See if this helps..... reply if you require an explanation of what's going on in the code. I've assumed that you don't want the character '*' or any space leading the column in the first file to be taken into account. So for
'CCCCCCC*' -- only 'CCCCCCC' is taken and for 'CCCCCC D*' -- only CCCCCC is taken.

vietboy505
03-02-2006, 03:27 PM
nkrgupta , that is what I need, thanks.

This is code check for difference?

If stuff in FILE1 doesn't match in FILE0, output that out.. other wise continue..

Should it be if not exist as the code below?
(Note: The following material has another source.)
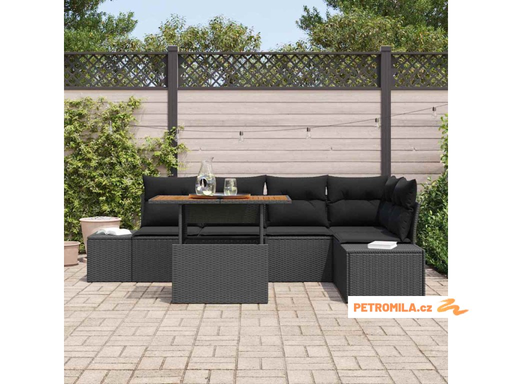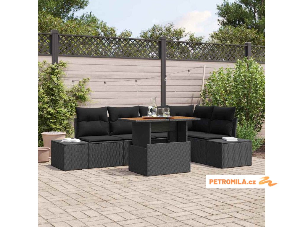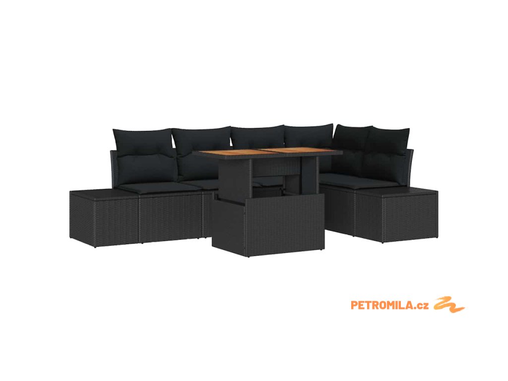 Zahradní jídelní souprava s polštářem 6 pcs Černá a hnědá

my($column)=$_=~m!\d+\s+(\w+).*!ig;

$file0{$column}++; #add up all colum??

open (W,'>filecheck.txt'); #open a file and output to fileheck.txt
foreach (keys %file0) { #loop through to find ... ...
print W $_."\n" if (exists $file1{$_}); #print if exist in the array of file1
}


What's the following codes are doing above?

And also, I want to make sure that all two arguments passed in or exit right away.
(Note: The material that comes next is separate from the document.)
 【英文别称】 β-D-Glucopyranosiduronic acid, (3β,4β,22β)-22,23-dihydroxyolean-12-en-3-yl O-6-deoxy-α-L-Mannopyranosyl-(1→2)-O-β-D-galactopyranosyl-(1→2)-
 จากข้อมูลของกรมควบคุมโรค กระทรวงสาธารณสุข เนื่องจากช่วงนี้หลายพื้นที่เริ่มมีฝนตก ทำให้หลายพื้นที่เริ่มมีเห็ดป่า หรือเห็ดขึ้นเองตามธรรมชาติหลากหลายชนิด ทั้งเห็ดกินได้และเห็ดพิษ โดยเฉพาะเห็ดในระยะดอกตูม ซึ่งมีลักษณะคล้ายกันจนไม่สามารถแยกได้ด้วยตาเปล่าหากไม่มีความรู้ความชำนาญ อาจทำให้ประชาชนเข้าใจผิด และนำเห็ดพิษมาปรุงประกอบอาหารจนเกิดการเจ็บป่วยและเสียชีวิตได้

if ($ARGV[0] eq "" && $ARGV[1] eq "") {
exit;
}


Is this right, but that check for both arguments, what if if they type only in 1 argument. Is it repetive to do this


if ($ARGV[0] eq "") {
exit;
} elsif ($ARGV[1] eq "") {
exit;
}
elsif ($ARGV[0] eq "" && $ARGV[1] eq "") {
exit;
}


Or should I do this, exit right away:

if ($ARGV[0] eq "" || $ARGV[1] eq "") {
exit;
}

vietboy505
03-02-2006, 05:57 PM
I did a test on this name and it doesn't work.

file0.txt

| | |ABCDEFGH* | |* | |9999| |MEP | |- | |XXXXXXXXX| | |
| | |IJKLMNOPQ* | |* | |9999| |MEP | |- | |XXXXXXXXX| | |
| | |RSTUVWX* | |* | |9999| |NAD | |- | |XXXXXXXXX| | |
| | |YZABCD D* | |* | |9999| |BEM | |- | |XXXXXXXXX| |YYYYY|
| | |18ABCDE A* | |* | |9999| |MEP | |- | |XXXXXXXXX| | |
| | |8ROAST A* | |* | |9999| |NAD | |- | |XXXXXXXXX| | |
| | |ABCZZA A* | |* | |9999| |NA* | |- | |XXXXXXXXX| |YYYYY|
| | |9WASHERE W A* | |* | |9999| |ME* | |* | |XXXXXXXXX| | |
| | |SEEDAR A A* | |* | |9999| |BE* | |* | |XXXXXXXXX| | |
| | |LIFE4* | |* | |9999| |ME* | |- | |XXXXXXXXX| | |
| | |PROGRAM A2* | |* | |9999| |MEP | |- | |XXXXXXXXX| | |


file1.txt

1 8ROAST 6 6 U 1 2 3 4 5 6 1 1 P 1 0 1 0
2 ABCZZA -12 11 Y 1 2 3 4 5 6 469.7 481.7 P 1 0 1 0
3 RSTUVWX -12 -6 Z 1 2 3 4 426.4 431.7 Z 0 0 1 0
4 ABCDEFGH -12 12 Y 1 2 3 4 5 6 446.5 457.6 P 1 1 1 0
5 8RASTS -9 -4 Z 1 2 3 4 405.6 410.7 Z 0 0 1 0
6 SWEETW -8 8 Y 1 2 3 4 5 6 446.5 457.6 P 1 0 1 0
7 LIFE4 -12 12 Y 1 2 3 4 5 6 446.5 457.6 P 1 1 1 0
8 RSTUVWX -8 8 Y 1 2 3 4 5 6 446.5 457.6 P 1 0 1 0
9 569SHOULDOUTPUT Y -8 8 Y 1 2 3 4 5 6 446.5 457.6 P 1 0 1 0
10 ABCZZA -14 -7 Z 1 2 3 405.6 410.7 Z 0 0 1 0


It print out the wrong solution.. Based on that..

from file1.txt
5,6,9 --> 8RASTS SWEETW 569SHOULDOUTPUT should output this.. but it doesn't because it's difference compare to file0.txt

I try to change the code this and still doesn't work:

#!/usr/bin/perl

open(FILE0, $ARGV[0]) || die "Can't open $_: $!\n";

while (<FILE0>)
{
chomp;
my($column)=$_=~m!\|\s+\|\s+\|(\w+).*!ig;
$file0{$column}++;
}
close(FILE0);

open(FILE1, $ARGV[1]) || die "Can't open $_: $!\n";

while (<FILE1>)
{
chomp;
my($column)=$_=~m!\d+\s+(\w+).*!ig;
$file1{$column}++;
}
close(FILE1);

open (W,'>file_check.txt');
foreach (keys %file0) {
##change from exist to not exists
print W $_."\n" if (not exists $file1{$_});
}
close(W);

bustamelon
03-10-2006, 03:17 PM
This has already been written for you. If you're on a *nix server, just do:

diff file0.txt file1.txt

...and this will output the differences to a file called diff.txt:

diff file0.txt file1.txt > diff.txt

It's not tjhat pretty, but it does basically whaat you are looking for.